In order to more intuitively represent the predictive ability of the over-the-top one-two-three step model with error correction and the over-the-top one-two-three step model without error correction, the number of predictions with different model error intervals in [−0.1%, 0.1%], [−0.3%, 0.3%], [−0.5%, 0.5%], and [−1%, 1%] as a percentage of the total number of 144 predictions are counted in this paper, and the specific results of the error interval evaluation for each prediction model are shown in
Table 6 below.
It can be analyzed from
Table 6 that compared with the combined CEEMDAN-SE-IBAS-KELM model without the error correction, the percentage of the number of predicted values in different error intervals for the combined CEEMDAN-SE-IBAS-KELM model with the error correction for the one, two, and three steps ahead is significantly improved.
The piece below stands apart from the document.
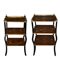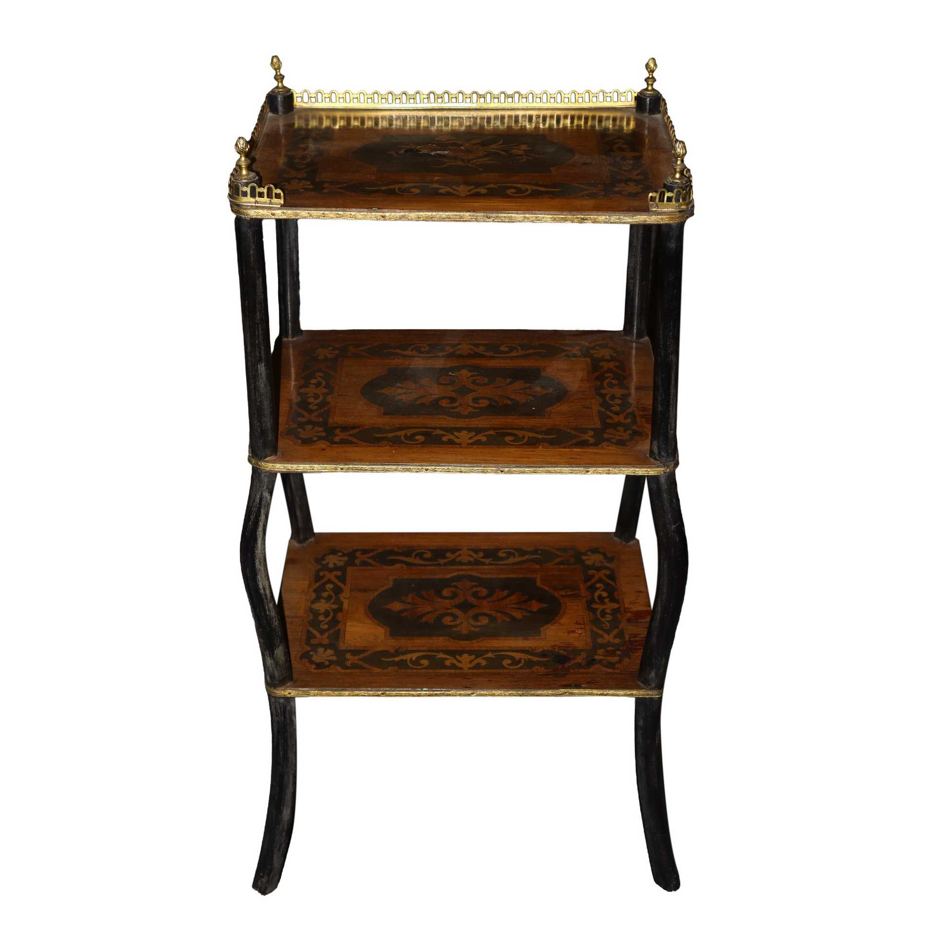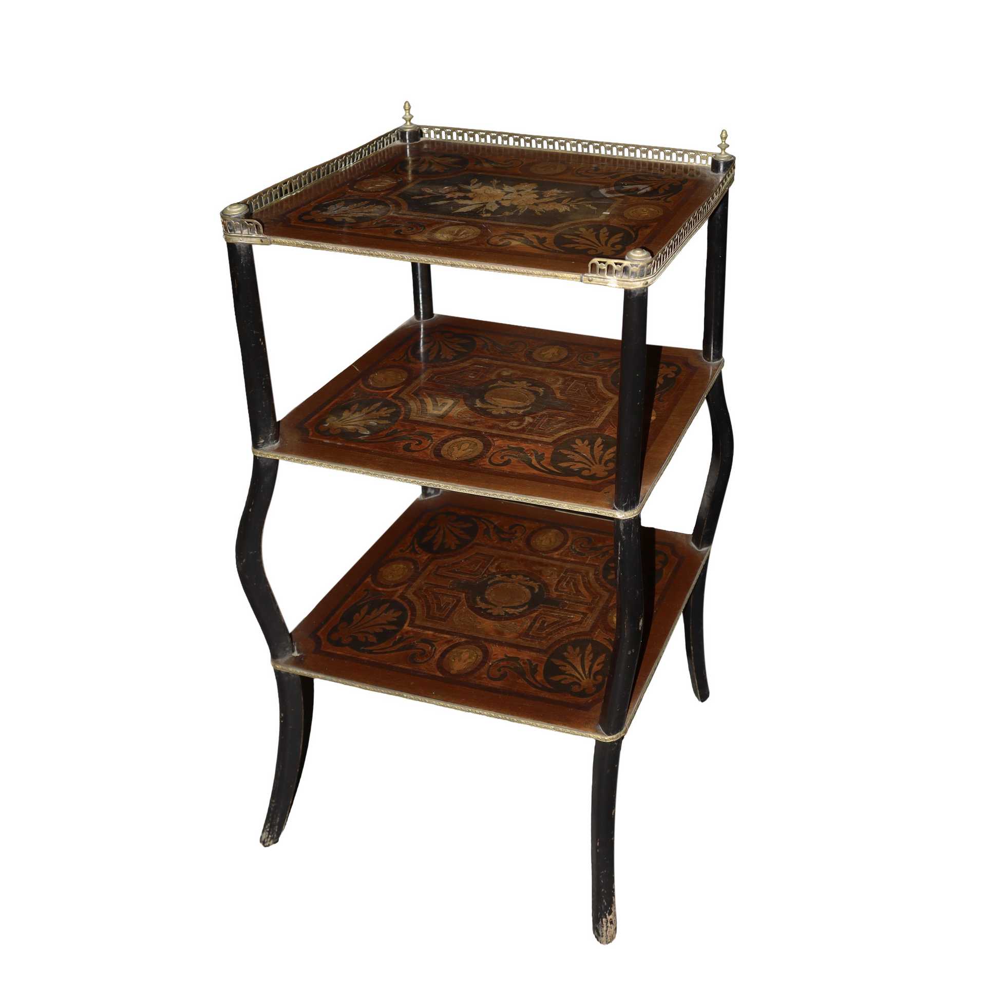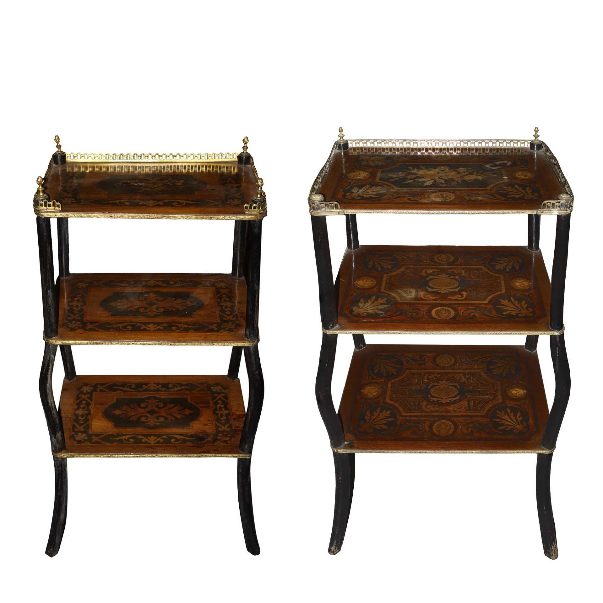 Coppia di tavolinetti a tre ripiani intarsiati, 19° secolo

In the error interval [−0.1%, 0.1%], the percentage of the prediction results of the combined error-corrected model with one, two, and three steps ahead of the combined model increased by 1.39%, 10.42%, and 9.03%, respectively; in the error interval [−0.3%, 0.3%], the percentage of the prediction results of the combined model with one, two, three steps ahead of the combined model increased by 16%, respectively, compared with that of the uncombined model with one, two, three steps ahead of the combined model. In the error interval [−0.5%, 0.5%], the prediction results of the model with error correction increase by 17.36%, 25%, 29.17%, and 35.42%, respectively, compared with the prediction results of the model without the combination of one, two, and three steps ahead; in the error interval [−1%, 1%], the prediction results of the model with error correction increase by 17.36%, 25%, 29.17%, and 35.42%, respectively, compared with the prediction results of the model without the combination of one, two, and three steps ahead. In the error interval [−1%, 1%], the prediction results of the model with error correction increase by 4.86%, 23.61%, and 40.97%, respectively, compared with the prediction results of the model without the combination of the one, two, and three steps ahead. In summary, the combined CEEMDAN-SE-IBAS-KELM model with error correction has higher prediction accuracy and is more suitable for multi-step iterative wind power prediction.